Der Katalane Pablo (Pau) Casals (1876 bis 1973) sollte am Wenigsten von diesen Dreien einer besonderen Vorstellung bedürfen. Sein maßstabsetzender Einfluss auf das moderne Cellospiel ist unbestritten, seine musikalische Gestaltungsstärke bezog er auf sein Cello und sein Klavier genauso wie auf seine Kompositionen und sein Dirigat. Er ist das vielleicht eindeutigste Beispiel für die Irrigkeit der These, Musik habe mit Politik nichts zu tun.

Diese drei nun fanden sich von 1906 bis 1933 zu dem Trio Cortot Thibaud Casals zusammen. Dass aus dieser Zeit Schallaufnahmen - in einer heute sehr schön herausgearbeiteten und durchaus anhörbaren Wiedergabequalität - erhalten sind, können wir nicht hoch genug schätzen. Aus meiner Sicht sind drei Aufnahmen zu nennen, die heute immer noch musikalisch begeistern und zugleich Beleg für den hohen Standard dieses Trios und seines Zusammenspiels sind. An dieser Stelle sehe ich Haydns Klaviertrio Nr. 39 G-Dur Hob.XV:25 und Schuberts 1. Klaviertrio B-Dur D898, die beide auf dieser CD zu hören sind,
und Beethovens Trio op. 97 B-Dur Erzherzog-Trio:
Die Subjektivität und der Romantizismus, mit denen die drei Musiker übereinstimmend an die Werke herangehen, funktionieren in der kammermusikalischen Besetzung unbedingt. Ihr musikalischer Überschwang verleitet die drei dennoch nicht dazu, die sehr sublime Durchsichtigkeit ihres Trios zu vernachlässigen. Die Feinheit, mit der zunächst Casals und ihm folgend seine Mitspieler zum Beispiel das Scherzo im Erzherzog-Trio angehen, treibt mir jedesmal die Tränen in die Augen. Von diesem Zusammenspiel können wir "Heutigen" uns allemal die ein oder andere Scheibe abschneiden.
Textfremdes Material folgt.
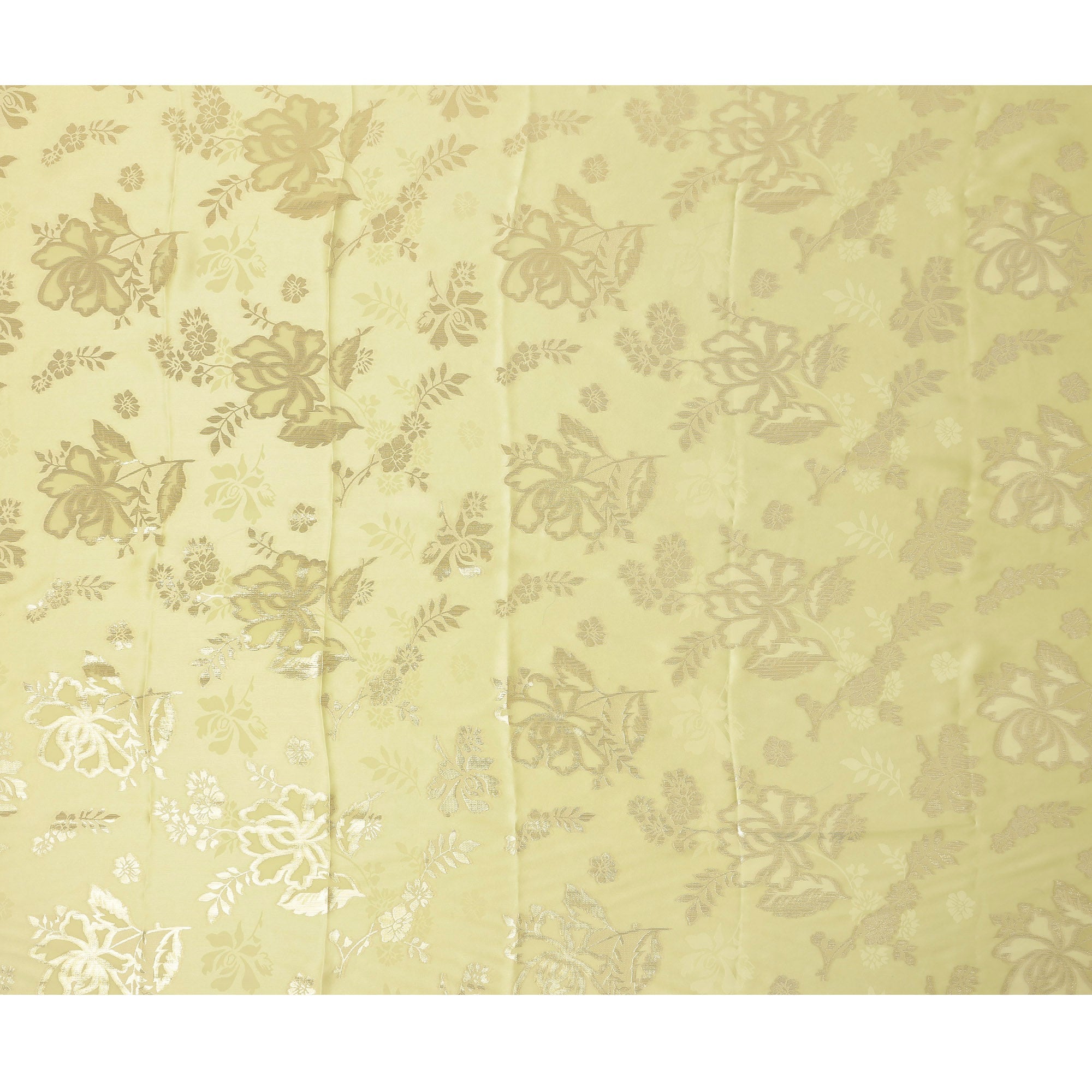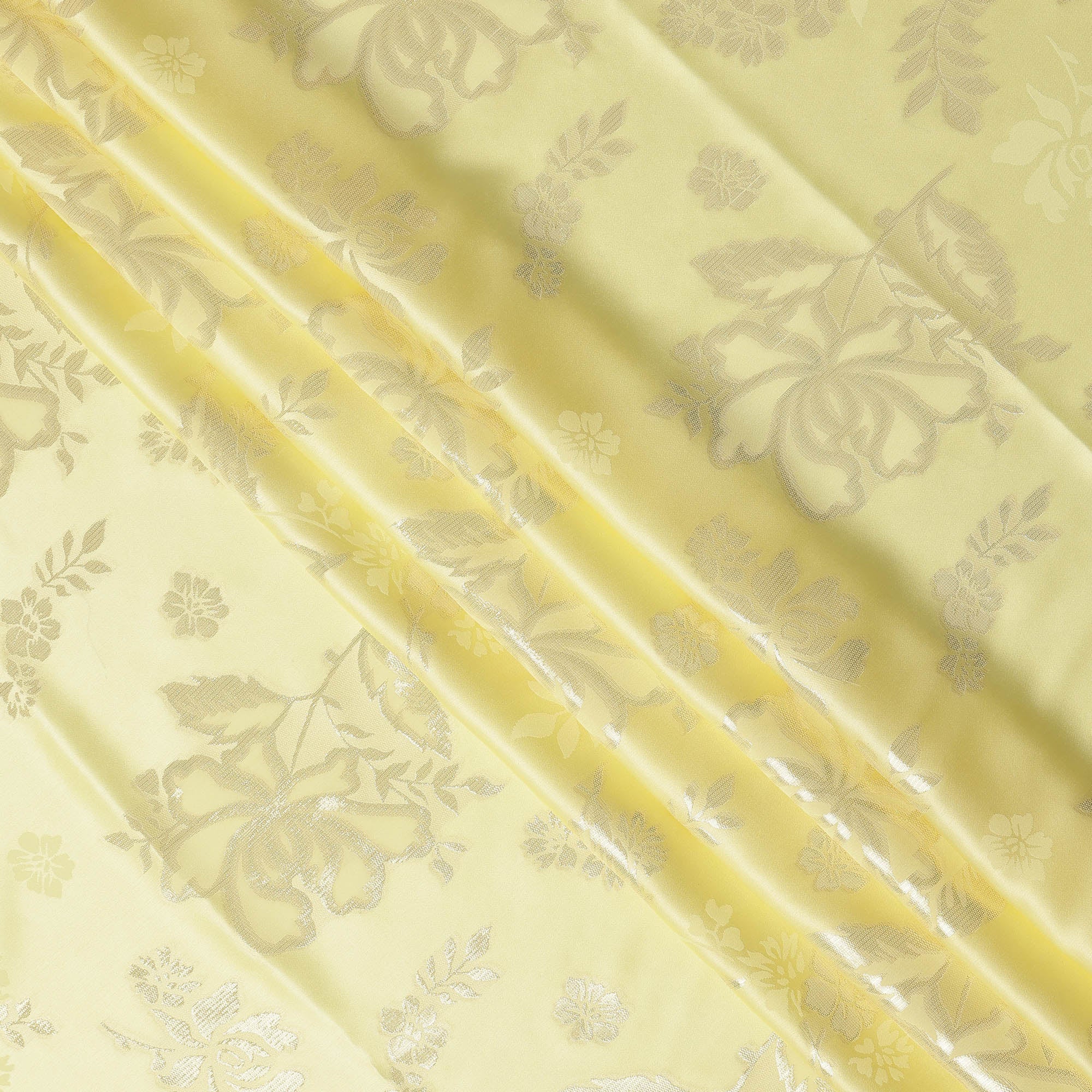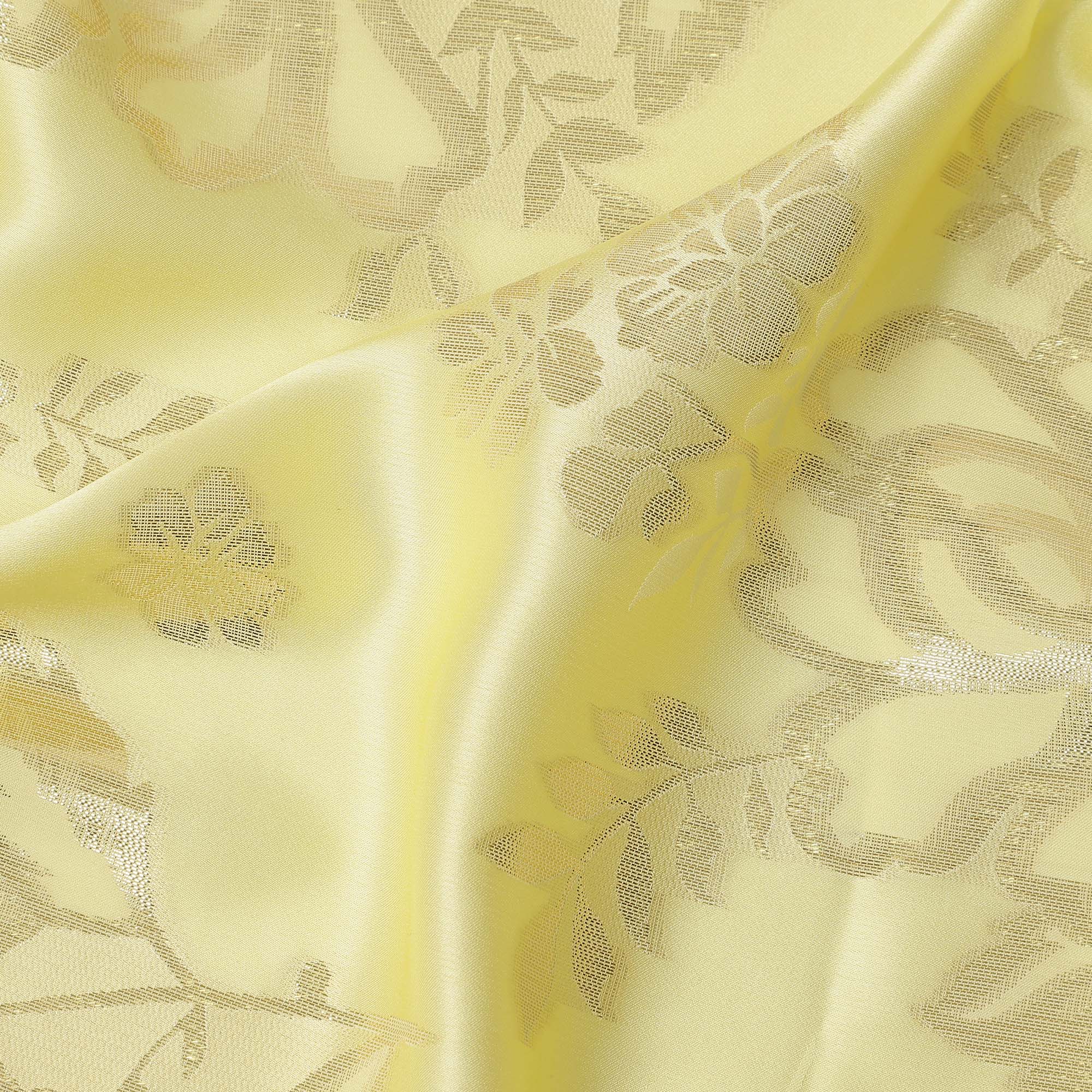 Premium lemon yellow silk satin fabric with intricate metallic floral jacquard weaving.

Von historisch-informierter Herangehensweise kann man sich bei dem Haydn-Trio kaum weiter entfernen, als Cortot Thibaud Casals dies tun. Trotzdem hab ich mehr magyarische Musikalität in dem bekannten Rondo all'ongarese bei keinem anderen und vor allem bei keinem späteren Trio wieder empfunden. Das ist eine geradezu unverschämte Unverblümtheit, mit der die Drei hier "Ungarisch" spielen, mit Herzschmerz und Schluchzern - herrlich. Ich hab's versucht und bin gescheitert.
Die Schubert-Aufnahme dann ist so etwas wie ein Prototyp für lebendiges romantisches Schubertspiel. Auch wenn meine eigene Auffassung von dieser Musik eine sehr andere ist, habe ich gerade diese Aufnahme immer wieder bei der Einstudierung herangezogen.